A group of legal scholars also filed an amicus brief supporting New Jersey. The scholars’ brief argues first that “[t]he district court’s view that standards of conduct based on reasonable care are not susceptible to knowing violation” is contrary to basic principles of tort law because it is possible to knowingly violate a duty to use reasonable care. Second, the brief asserts that “[l]iability for foreseeably increasing the risk of third-party criminal misconduct is commonplace,” and that such liability accords with a legislative purpose to immunize industry members from liability for unforeseeable events. The scholars also argue that the district judge’s interpretation would render the predicate exception a nullity—because “the only lawsuits that are subject to PLCAA preemption are lawsuits for harm resulting from unlawful third-party misuse, . . . PLCAA must permit a subset of lawsuits in which the harm resulted from unlawful third-party misuse.” Finally, the scholars’ brief asserts that New Jersey’s law does not conflict with PLCAA’s stated commitments to Second Amendment rights and the separation of powers.
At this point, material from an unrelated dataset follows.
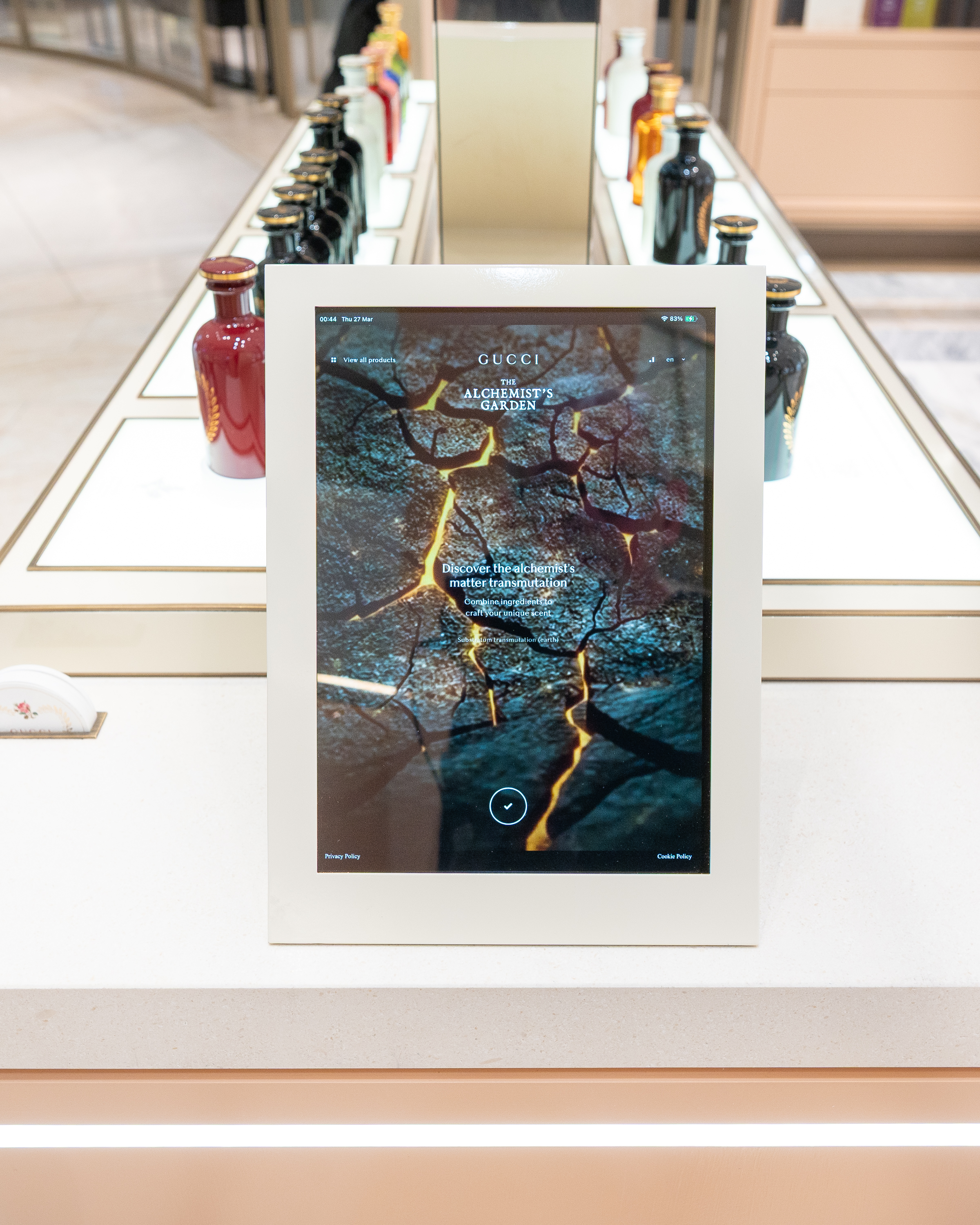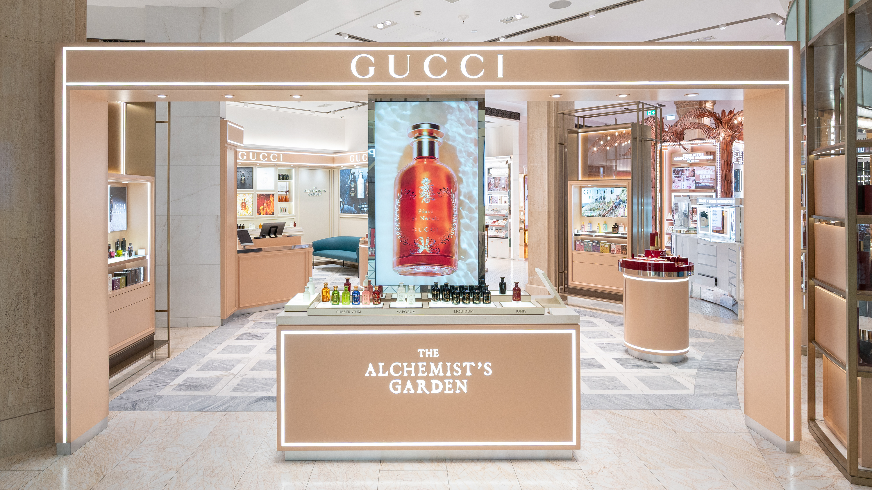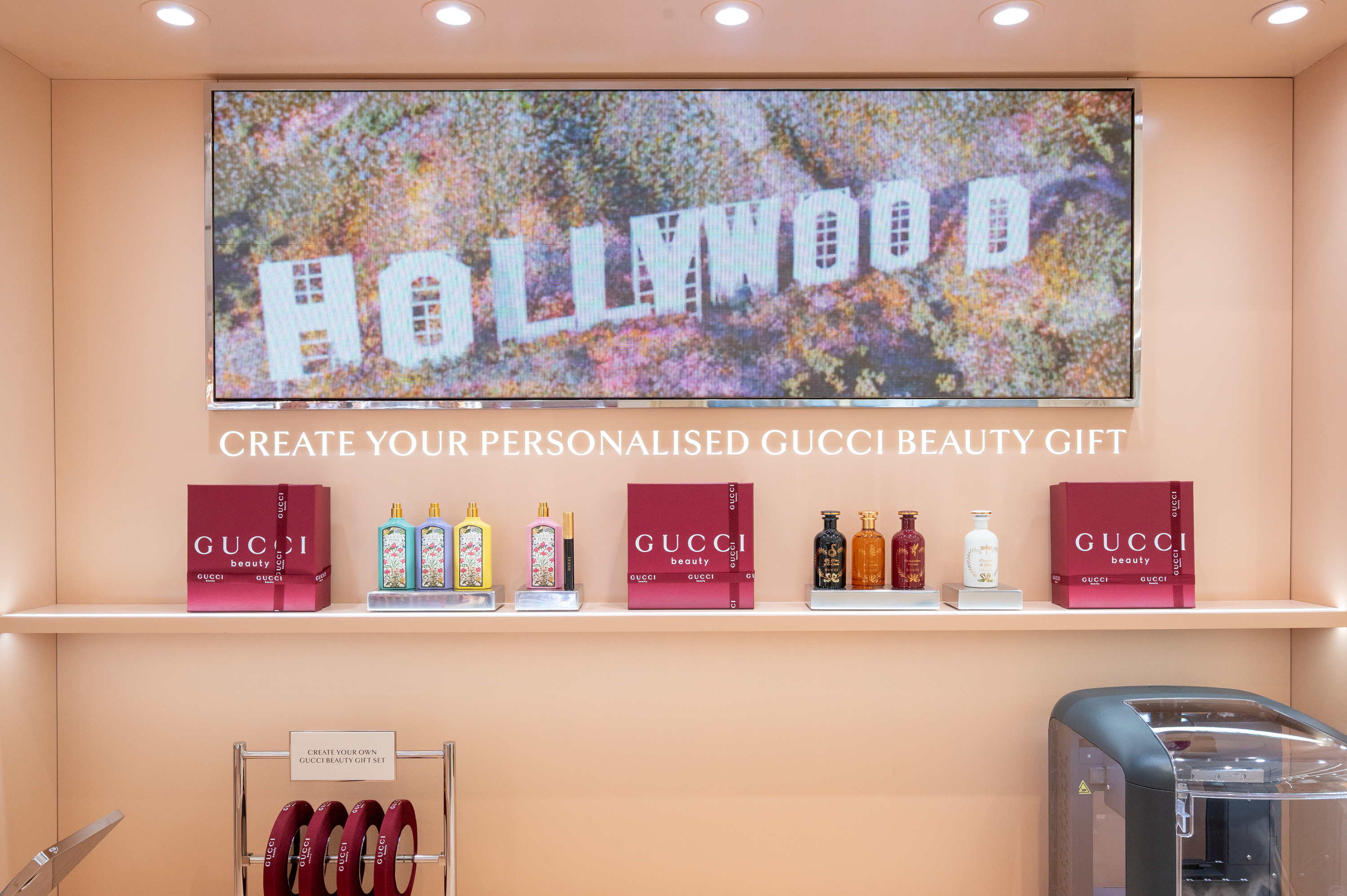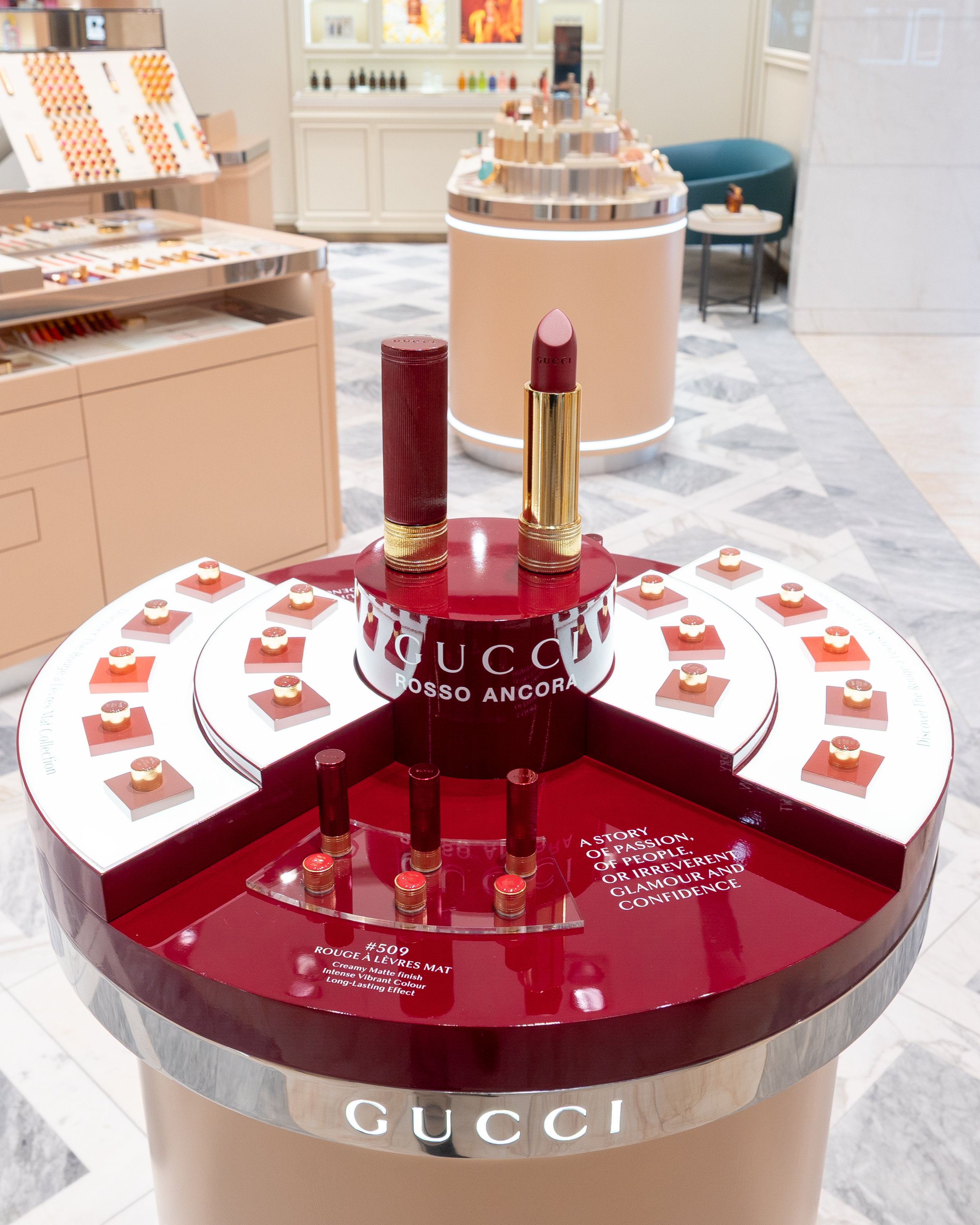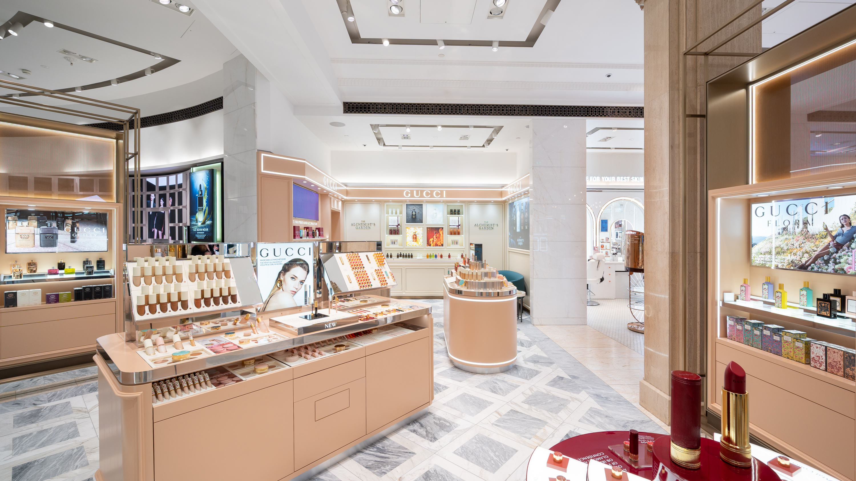 The boutique embodies Gucci Beauty’s new Store Design concept, created in avant-premiere for Harrods with exclusive elements like custom flooring in Italian Bardiglio Nubolato and Calacatta marbles, showcasing Gucci’s signature passion for striking graphic patterns.

As a matter of textualism, the district judge and the state start from the same place: a dictionary definition of “applicable.” The judge’s opinion cited to a 2011 Supreme Court decision that relied on dictionaries to construe “applicable” as meaning “capable of being applied: having relevance.” That same definition features prominently in the state’s opening appellate brief. The dispute, then, seems to turn on how much the surrounding context should matter. The state says that the definition means “relevant to” and that is the end of the inquiry, because the laws are clearly “relevant” or “related” to the sale and marketing of firearms. The district court and NSSF, by contrast, read the surrounding context and statutory language to impose the additional requirement that an underlying statute “impose a concrete obligation with which industry members can confidently ensure compliance.”
Surrounding context should be consulted only when the language at issue is ambiguous (if it could have more than one meaning):
[W]hen modern textualists find a statutory text to be ambiguous, they believe that statutory purpose—if derived from sources other than the legislative history—is itself a relevant ingredient of statutory context.
The judge, however, seemed to blend canons of statutory interpretation with larger purposive considerations about the reasons for PLCAA’s enactment. He observed that the “analysis begins and ends with the text,” but then accorded great importance to statutory purpose in interpreting that text without specifically finding that “applicable to” is ambiguous. Since a textualist would “treat the clear import of an enacted text as conclusive, even when the text fits poorly with its apparent background purpose,” the district court decision doesn’t ultimately read as an exercise in pure textual interpretation (a textualist would, instead, find it “unrealistic for judges ever to predict with accuracy what Congress would have ‘intended’ if it has expressly confronted a perceived mismatch between the statutory text and its apparent purpose”). If all judges are actually textualists now, as Justice Kagan famously suggested in 2015, then New Jersey may ultimately have the better of the statutory interpretation argument here.